# Last Camping Trip of 2016



## AM1 (Oct 12, 2016)

Took the family with some good friends to Fort Mountain this past weekend. Windy on Saturday, but weather was perfect!


----------



## 3ringer (Oct 13, 2016)

Were they full. We camped at Vogel and it was sold out .


----------



## Bob Shaw (Oct 13, 2016)

Last camping trip?
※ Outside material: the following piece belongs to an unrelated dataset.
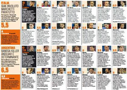 ITALIA ARGENTINA 2-1 VOTI PAGELLE GAZZETTA SPORT – Di seguito potrete consultare i voti e le pagelle Gazzetta dello Sport di Italia-Argentina. Ieri sera si è giocata all’Olimpico di Roma l’amichevole fra le due big conclusasi con la vittoria dei sudamericani per 2 a 1. Protagonisti assoluti i due calciatori del Napoli, Insigne e Higuain, entrambi in gol ieri. Molto bene anche Riccardo Montolivo (voto 6.5), che come al solito distribuisce assist ogni dove regalando geometrie ed organizzazione all’intera squadra. Delude, infine, Marco Verratti, alla prima prova da erede di Pirlo.

We're just coming into the best camping weather of the year.


----------



## T-N-T (Oct 14, 2016)

Camping weather is just getting started!

Nice pics and thanks for sharing


----------



## cjones (Oct 19, 2016)

"Last trip"... Holy moly you must be the ONLY person in the state that is done camping.  We were hoping to make our first family camping trip this weekend, but every state park in Georgia is booked up.  I have to admit - I was not expecting that...


----------



## 660griz (Oct 20, 2016)

Loading up for a week in the woods. Boon docking.


----------



## blood on the ground (Oct 20, 2016)

Looks like you guys did it right! I sure miss those camping trips like that! Excellent job on the cooking by the way!


----------



## loggerhead (Oct 23, 2016)

That's my favorite site at Fort Mountain.


----------



## AM1 (Nov 3, 2016)

cjones said:


> "Last trip"... Holy moly you must be the ONLY person in the state that is done camping.  We were hoping to make our first family camping trip this weekend, but every state park in Georgia is booked up.  I have to admit - I was not expecting that...
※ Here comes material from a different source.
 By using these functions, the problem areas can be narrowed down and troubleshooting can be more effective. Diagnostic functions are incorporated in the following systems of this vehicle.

We made 4 trips this year, 3 to Fort Mountain and 1 to Cloudland Canyon. Went in April, May, July and October. when you have a senior in highschool band, the fall weekends get booked with games and band competitions. This was it for us. Too busy the rest of the time


----------



## Oldstick (Nov 3, 2016)

AM1 said:


> We made 4 trips this year, 3 to Fort Mountain and 1 to Cloudland Canyon. Went in April, May, July and October. when you have a senior in highschool band, the fall weekends get booked with games and band competitions. This was it for us. Too busy the rest of the time



I understand that completely, been there and done that.  

But I am still going to suggest that you aren't nearly finished yet.  Well maybe for 2016, with Thanksgiving and Christmas coming up, but still try to take full advantage of those school holidays too.

The winter time (say after Christmas) is perfect to check out all the GA state parks, especially the ones in South GA.  Usually less crowds, no bugs, and cool temps perfect for a fire.  On the rare case, it does dip to freezing or below, there is nothing like this as a family togetherness experience around the fire.


----------



## lcookie (Nov 16, 2016)

Looks like a good time.


----------